Stricto sensu, il est donc inexact de dire que le Front national "a organisé les attentats contre De Gaulle", puisqu’il n’a été fondé que dix ans après le plus célèbre d’entre eux. Il est tout à fait légitime, en revanche, de noter qu’entre ce mouvement et l’organisation qui fut effectivement derrière ces crimes, il existe une filiation directe, et revendiquée : il y a entre les deux plus que des ponts, des viaducs.
Qui sont les membres du FN auxquels Macron fait allusion ?

Aux côtés de Bastien-Thiry, le deuxième organisateur du Petit-Clamart était un membre de l’OAS nommé Alain de La Tocnaye. Condamné à mort, il voit in extremis sa peine commuée en détention à perpétuité, et réussit finalement à sortir de prison grâce à l'amnistie de 1968, pour continuer à militer dans divers groupuscules d’extrême droite.

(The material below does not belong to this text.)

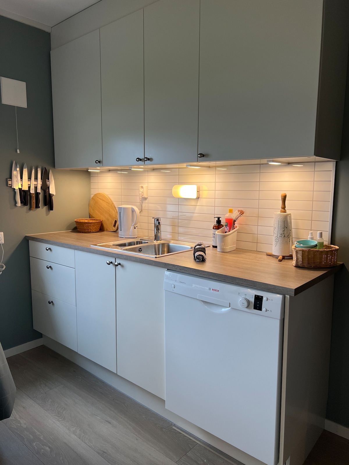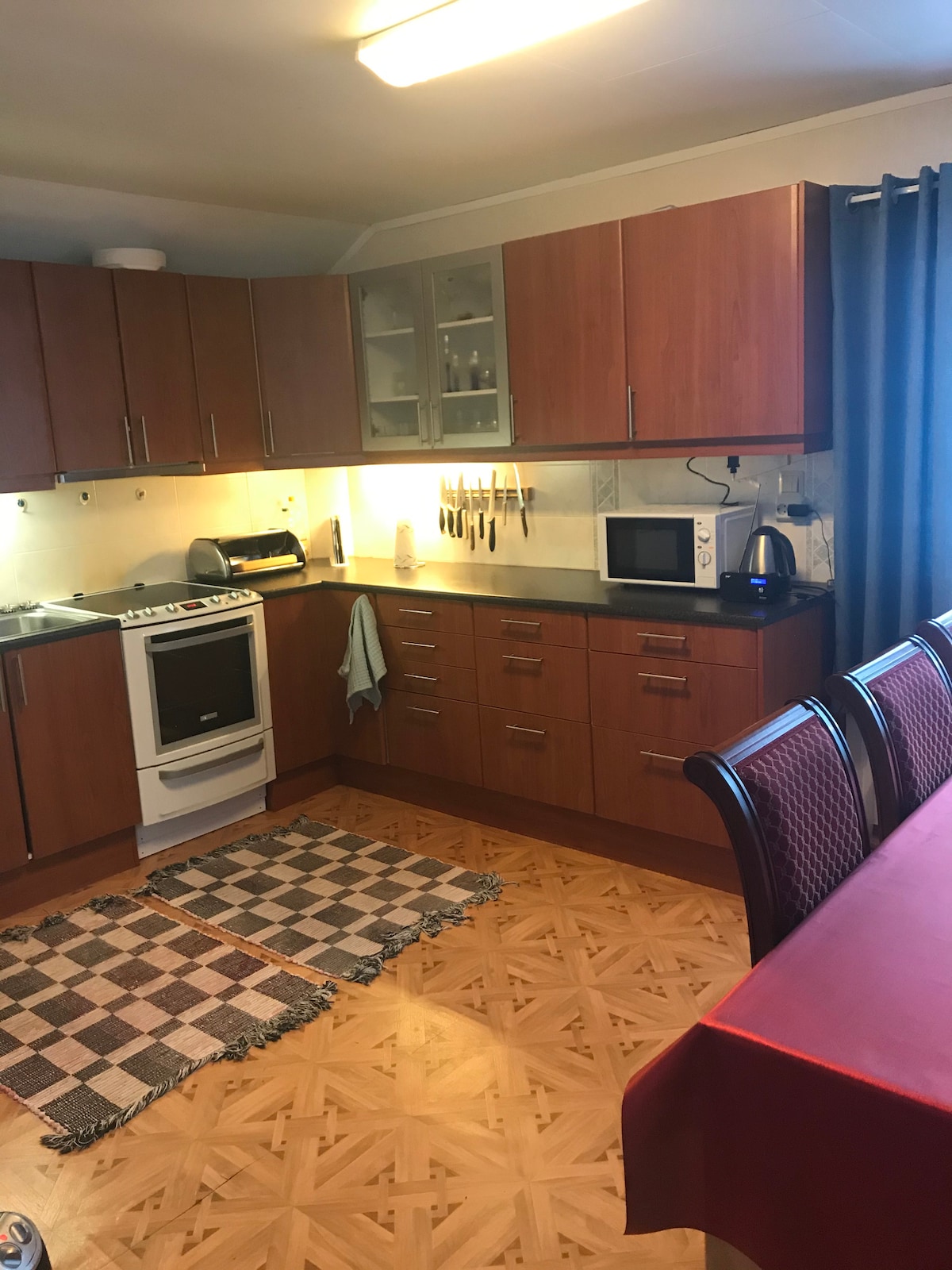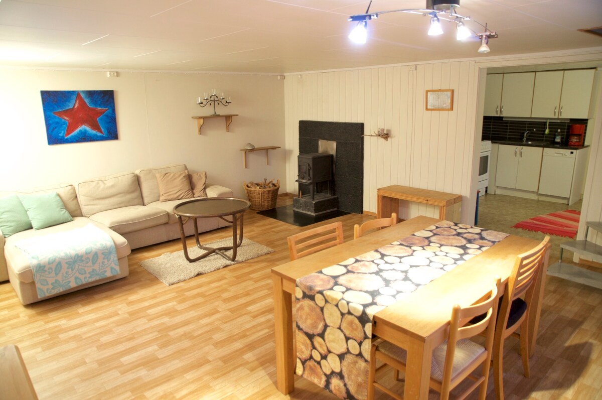 Brand new apartment on the ground floor of our house in the upper center of Tromsø. The apartment is of a very good standard. One bedroom with a double bed 180-200, kitchen/living room, sofa bed in the living room and a bathroom with shower. Washing machine in the bathroom. Underfloor heating throughout the apartment. Walking distance to the city. Close to the bus stop. Brand new kitchen with necessary equipment for cooking.

Thibaut de La Tocnaye. (AFP PHOTO / BORIS HORVAT
BORIS HORVAT/AFP)

Son fils, Thibaut de La Tocnaye, élu du Front national au conseil régional de Paca, est, de toute évidence, l’homme auquel Emmanuel Macron a fait allusion. Il est bien clair qu’on ne peut accuser un homme des actions dont fut coupable son père. A condition, qu’il ne les revendique pas. En décembre dernier, lors d’un débat au Conseil régional portant sur la question d’une meilleure intégration des harkis, anciens supplétifs de l’armée française lors de la guerre d’Algérie, l’élu FN a honoré Christian Estrosi, président de Région, de l’insulte suivante : "Enfoiré de gaulliste". Ce qu’on appellerait un cri du cœur.